Input material:
══════════

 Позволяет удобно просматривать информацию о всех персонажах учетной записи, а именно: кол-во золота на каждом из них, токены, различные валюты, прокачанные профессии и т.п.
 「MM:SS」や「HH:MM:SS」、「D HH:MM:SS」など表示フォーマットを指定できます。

══════════

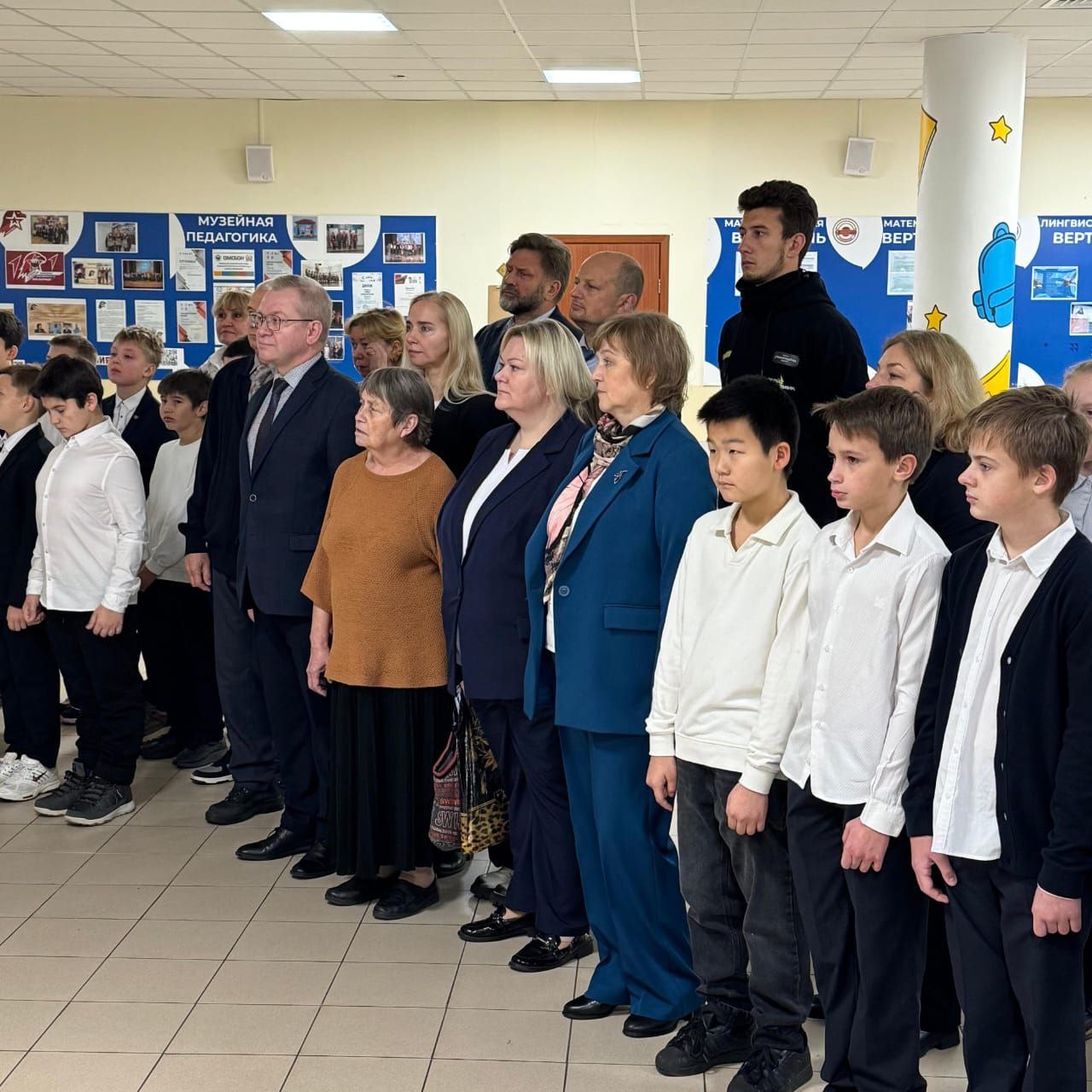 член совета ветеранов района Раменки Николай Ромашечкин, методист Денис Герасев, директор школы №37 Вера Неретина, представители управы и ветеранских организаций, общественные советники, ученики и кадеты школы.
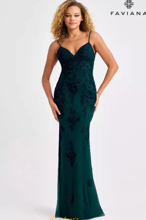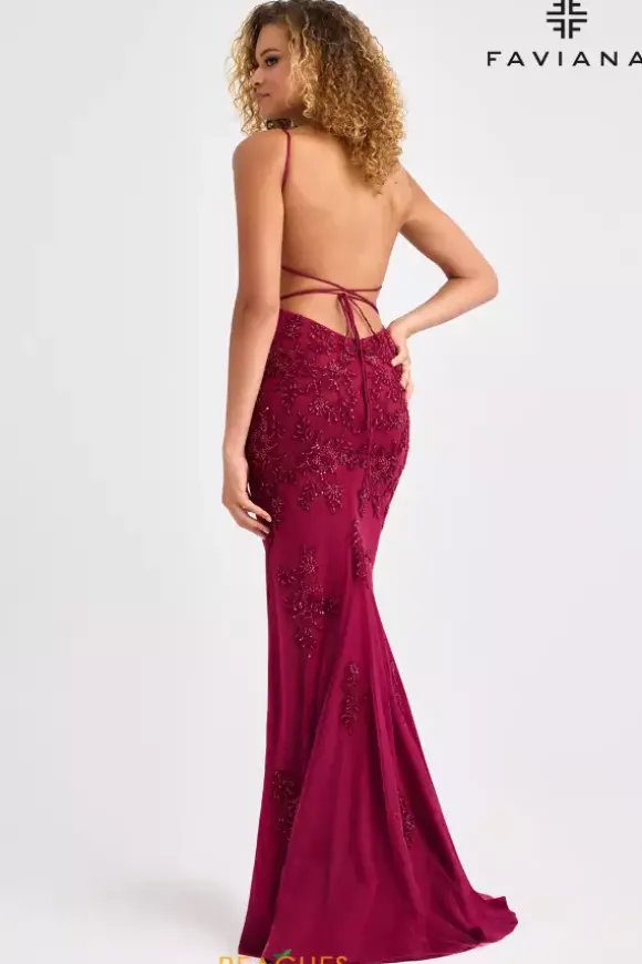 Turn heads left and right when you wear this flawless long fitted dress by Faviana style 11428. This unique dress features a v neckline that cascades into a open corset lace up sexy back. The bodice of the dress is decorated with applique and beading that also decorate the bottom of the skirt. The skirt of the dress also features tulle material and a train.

══════════

Your objective:
Within the listing above, copy exactly the lines that start at the one with "член совета ветеранов" and continue through the one with "Turn heads left". Omit pictures.

Exercise solution:
 член совета ветеранов района Раменки Николай Ромашечкин, методист Денис Герасев, директор школы №37 Вера Неретина, представители управы и ветеранских организаций, общественные советники, ученики и кадеты школы.
 Turn heads left and right when you wear this flawless long fitted dress by Faviana style 11428. This unique dress features a v neckline that cascades into a open corset lace up sexy back. The bodice of the dress is decorated with applique and beading that also decorate the bottom of the skirt. The skirt of the dress also features tulle material and a train.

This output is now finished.